Fundamentally, sentiment is shifting as investors reevaluate the Bank of Japan’s policy direction. Recent media reports indicate that the central bank is diligently preparing for a possible rate hike as soon as next month. This transition is influenced by ongoing inflationary pressures, the transmission effects of a depreciated yen, and a perceived reduction in political pressure to uphold extremely accommodative monetary policies. The yen has gained further backing from a generally weaker US dollar. Market participants have heightened their expectations for additional easing from the Federal Reserve, leading to a decline in the value of the dollar against various currencies.

On the H4 chart, USD/JPY is establishing a consolidation range near 156.40. We expect a short-term drop to 154.90, which will probably be succeeded by a technical recovery to revisit the 156.40 level. A decisive upward breakout above this resistance would pave the way for a more substantial rally towards 158.47. However, following such a move, we would anticipate the establishment of a new lower high and the initiation of a fresh downward impulse, aiming for 154.00 and possibly extending the correction to 153.30. The MACD indicator reinforces this bearish medium-term outlook. The signal line is positioned below zero and trending downward, indicating that selling momentum continues to be robust.
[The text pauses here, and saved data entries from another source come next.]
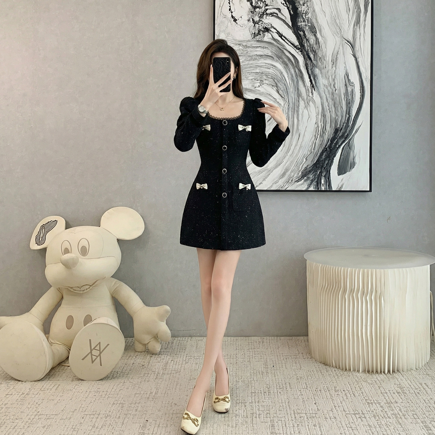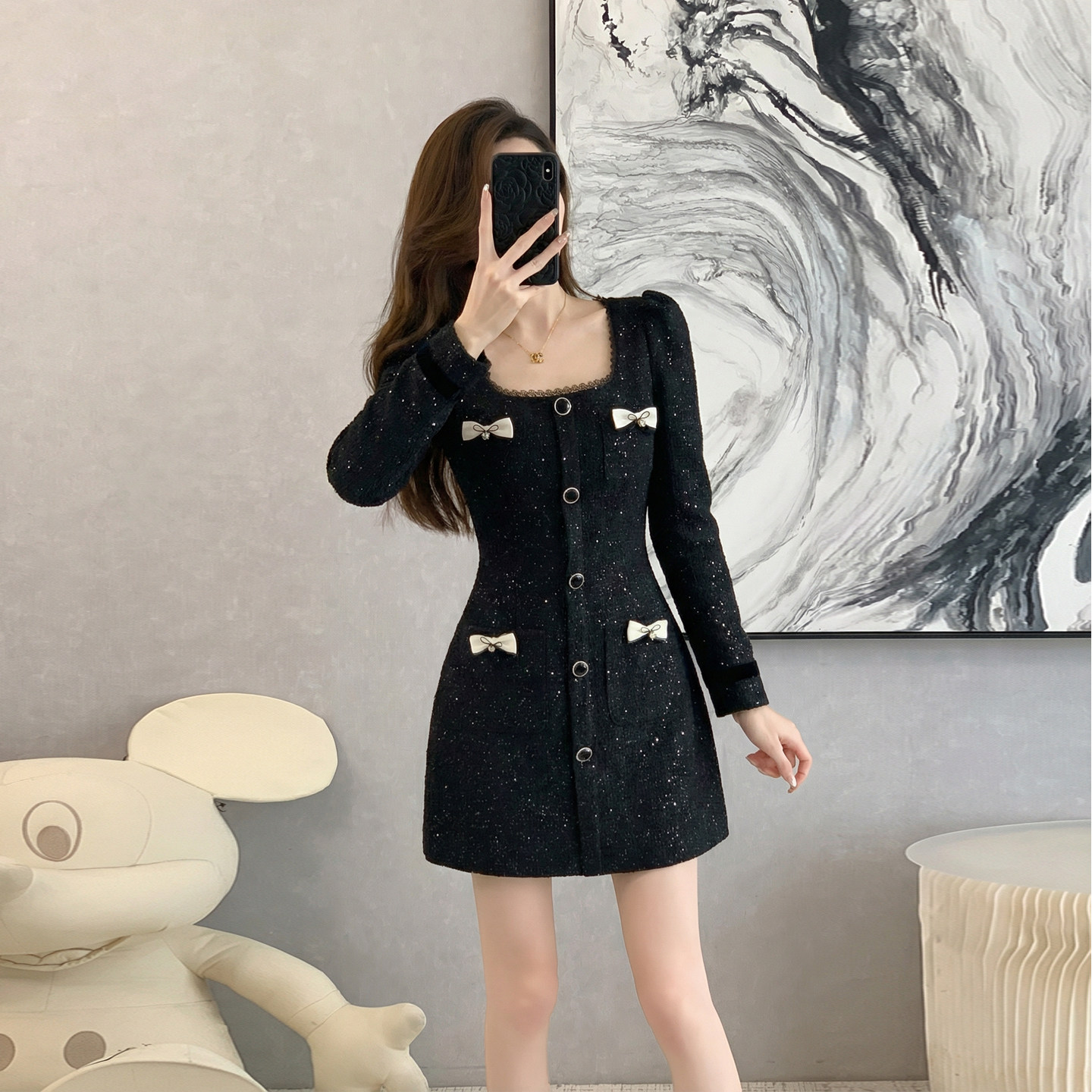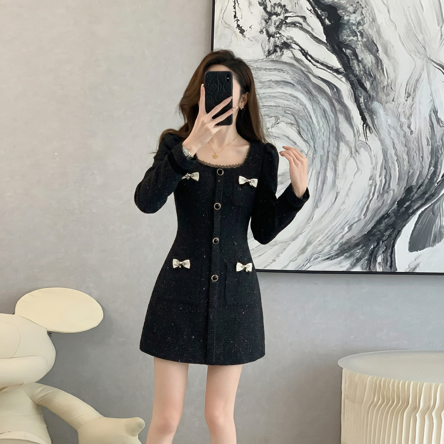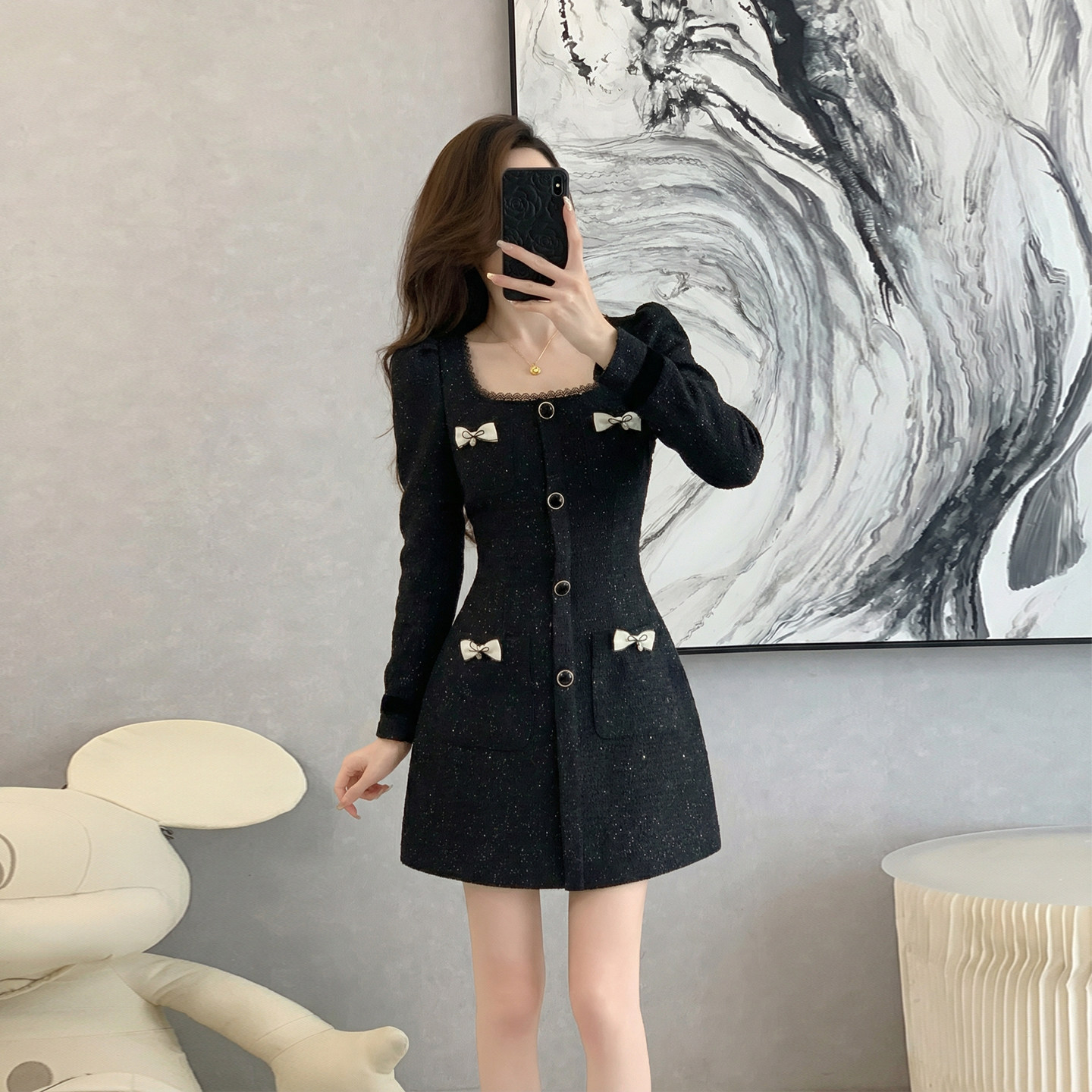 千金风黑色小香风方领连衣裙女秋冬季高级感蝴蝶结装饰短款气质裙
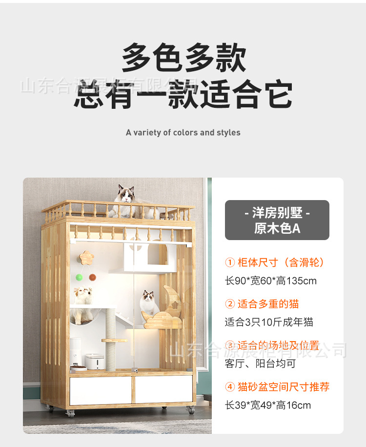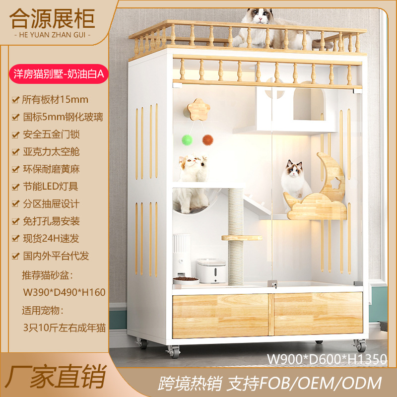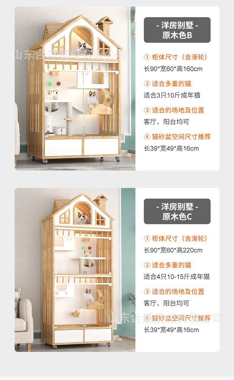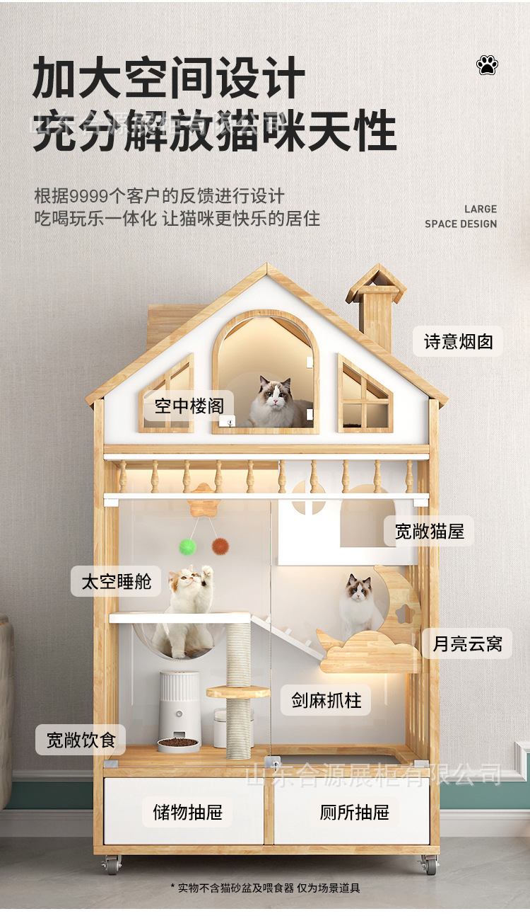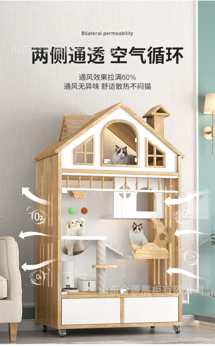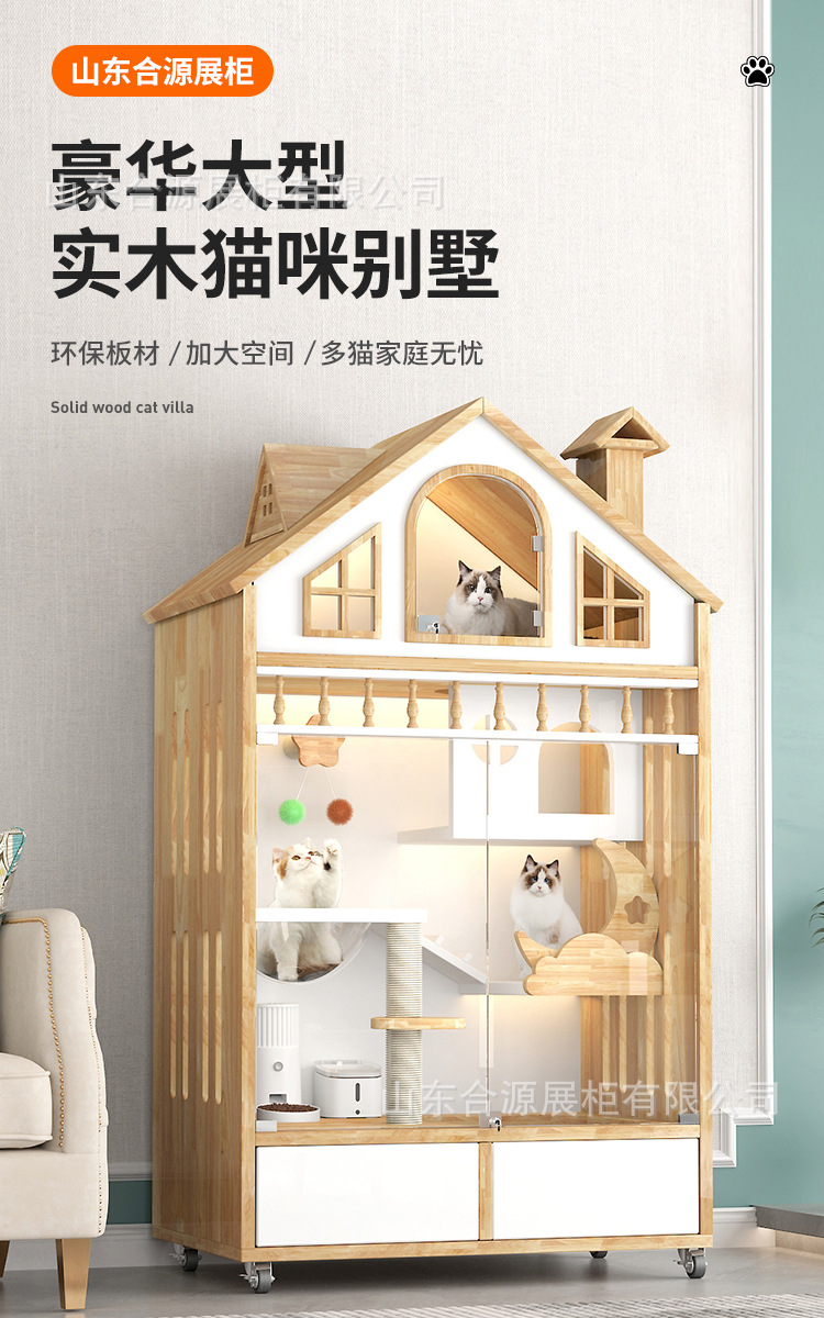슈퍼 대형 럭셔리 고양이 빌라 단단한 나무 방수 고양이 케이지 수직 실내 통합 고양이 둥지 더블 레이어 고양이 캐비닛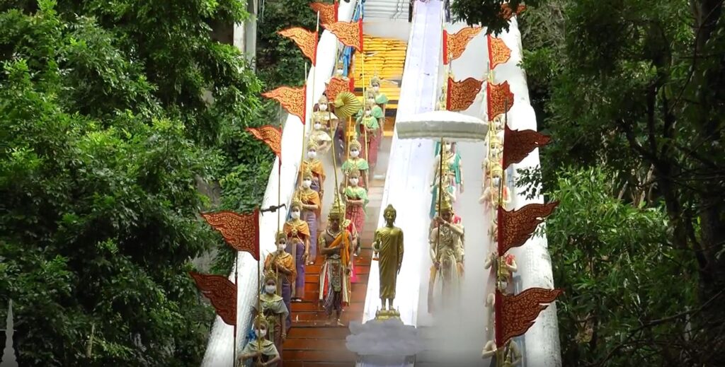 ในพิธีการมีการจำลองการเสด็จลงมาจากสวรรค์ขององค์สัมมาสัมพุทธเจ้าลงมายังโลกมนุษย์ เพื่อโปรดสัตว์และมนุษย์โลก มีนางฟ้านางสวรรค์ เทวดา เสด็จร่วมขบวน พร้อมการฟ้อนรำของประชาชนจาก 13 อำเภอในเพลงรำวงสระบุรี และในระหว่างขบวนแห่ ก็มีชาวบ้านรอใส่บาตรด้วยข้าวต้มลูกโยน ข้าวสาร อาหารแห้ง ผลไม้ แก่พระภิกษุสามเณร.-สำนักข่าวไทย

On the H1 chart, the pair is forming a distinct downward wave structure, with an initial target set at 154.90. We anticipate that this target will be achieved, following which a corrective wave of growth is likely to occur, revisiting the 156.40 level from a lower position. The Stochastic oscillator supports this short-term negative outlook. The signal line is currently positioned below 50 and is trending down towards 20, suggesting that the short-term downward momentum is still in play at this time. The yen is gaining strength due to a combination of intervention threats and a fundamental reevaluation of Bank of Japan policy. Currently, USD/JPY is undergoing a corrective phase, with a short-term target set at 154.90. Although a recovery to 156.40 is anticipated subsequently, the overall risk leans towards the downside. A move above 158.47 would be necessary to negate the existing bearish corrective pattern. Market participants must stay alert for fluctuations driven by intervention, especially in times of reduced liquidity.